- **How to complete this task**
Each line of the data is to be output verbatim, with the images removed.

- **Dataset excerpt**
· · · · · · ·

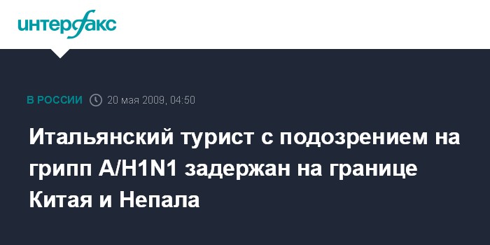 Пекин. 20 мая. ИНТЕРФАКС-КИТАЙ - Гражданин Италии, который прибыл в Тибетский автономный район Китая в группе иностранных туристов из Непала, госпитализирован с подозрением на грипп A/H1N1, сообщило во вторник вечером министерство здравоохранения КНР.
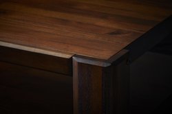 天/底板は厚さ40mm、棚板は厚さ25mmで、表面にウレタン塗装を施すことで耐熱性を向上。細部にわたるきめ細やかな面取り加工と重厚感あふれる外観により、高級ファニチャーと呼ぶのに相応しい逸品に仕上げたとしている。
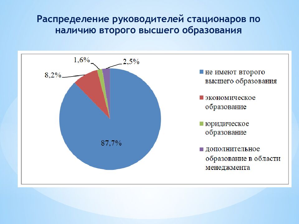 Слайд 7: Распределение руководителей стационаров по наличию второго высшего образования

· · · · · · ·

- **Answer for the task**
 Пекин. 20 мая. ИНТЕРФАКС-КИТАЙ - Гражданин Италии, который прибыл в Тибетский автономный район Китая в группе иностранных туристов из Непала, госпитализирован с подозрением на грипп A/H1N1, сообщило во вторник вечером министерство здравоохранения КНР.
 天/底板は厚さ40mm、棚板は厚さ25mmで、表面にウレタン塗装を施すことで耐熱性を向上。細部にわたるきめ細やかな面取り加工と重厚感あふれる外観により、高級ファニチャーと呼ぶのに相応しい逸品に仕上げたとしている。
 Слайд 7: Распределение руководителей стационаров по наличию второго высшего образования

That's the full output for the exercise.